Mme la Maire, je soulignerai l’implication exceptionnelle de la Municipalité. Six mois de


fêtes, inscrits dans un programme plus vaste encore de manifestations destinées à faire connaître et
aimer davantage notre Ville. La cathédrale avait naturellement sa place dans le dispositif, mais on
peut dire que le maximum a été fait, là aussi dans le respect de nos lois. La cathédrale n’est pas dans
le registre du mieux vivre au 21ème siècle, illustré notamment par l’arrivée du tramway, mais elle
apporte une touche unique, liée à notre histoire, et sans doute au rôle qui est le sien dans la
perspective du service de l’humanité. A l’heure où l’on n’a jamais autant parlé de valeurs à vivre et
à transmettre aux générations à venir, je crois qu’un tel lieu, dans lequel chacun se sent appelé à
devenir meilleur, a quelque chose à voir avec cette préoccupation de tous.
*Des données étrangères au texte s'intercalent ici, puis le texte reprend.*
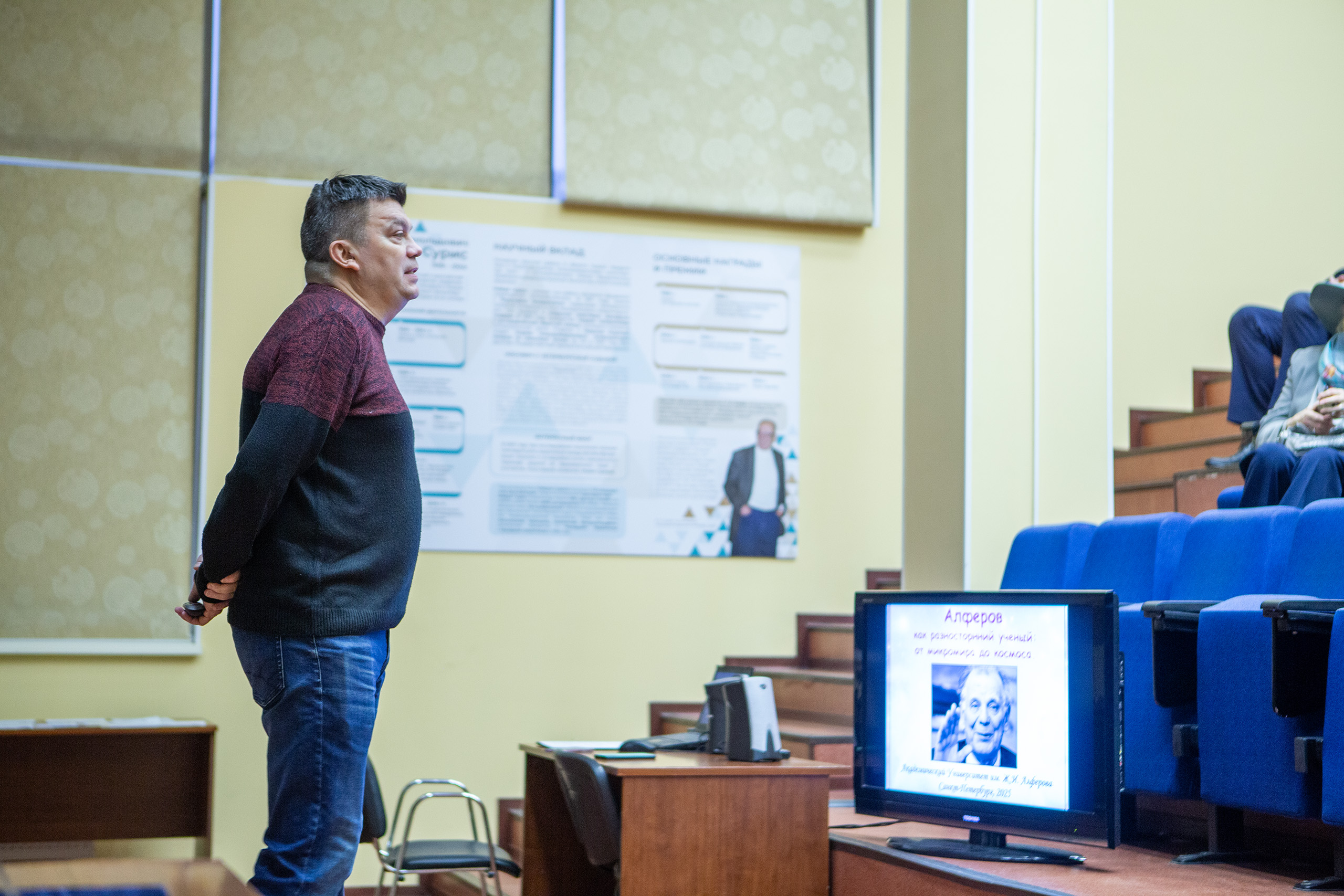 Директор Физико-технического института им. А.Ф. Иоффе РАН, член-корреспондент РАН Сергей Викторович Иванов рассказал о ключевой роли ФТИ в судьбе лауреата и развитии его идей. Он осветил историю создания Академического университета и этапы его становления, а также напомнил, что в 2000 году Нобелевскую премию по физике вместе с Жоресом Алфёровым разделили Герберт Крёмер и Джек Килби — за развитие полупроводниковых гетероструктур для высокоскоростной оптоэлектроники и за вклад в изобретение интегральной схемы соответственно.

Je ne nommerai personne d’autre, sinon pour dire ma joie que plusieurs représentants d’autres
communautés religieuses de la Ville aient répondu favorablement à mon invitation. Evidemment
tous les Rémois, les Marnais et les Ardennais sont les bienvenus ce soir, mais la présence de ces
représentants me touche infiniment. J’ose penser qu’ils partagent mon analyse sur la nature d’un
sanctuaire comme celui-ci, symbole par excellence de la paix de l’âme et de la paix entre les
hommes, symbole finalement de la cohésion nationale que nous voulons tous.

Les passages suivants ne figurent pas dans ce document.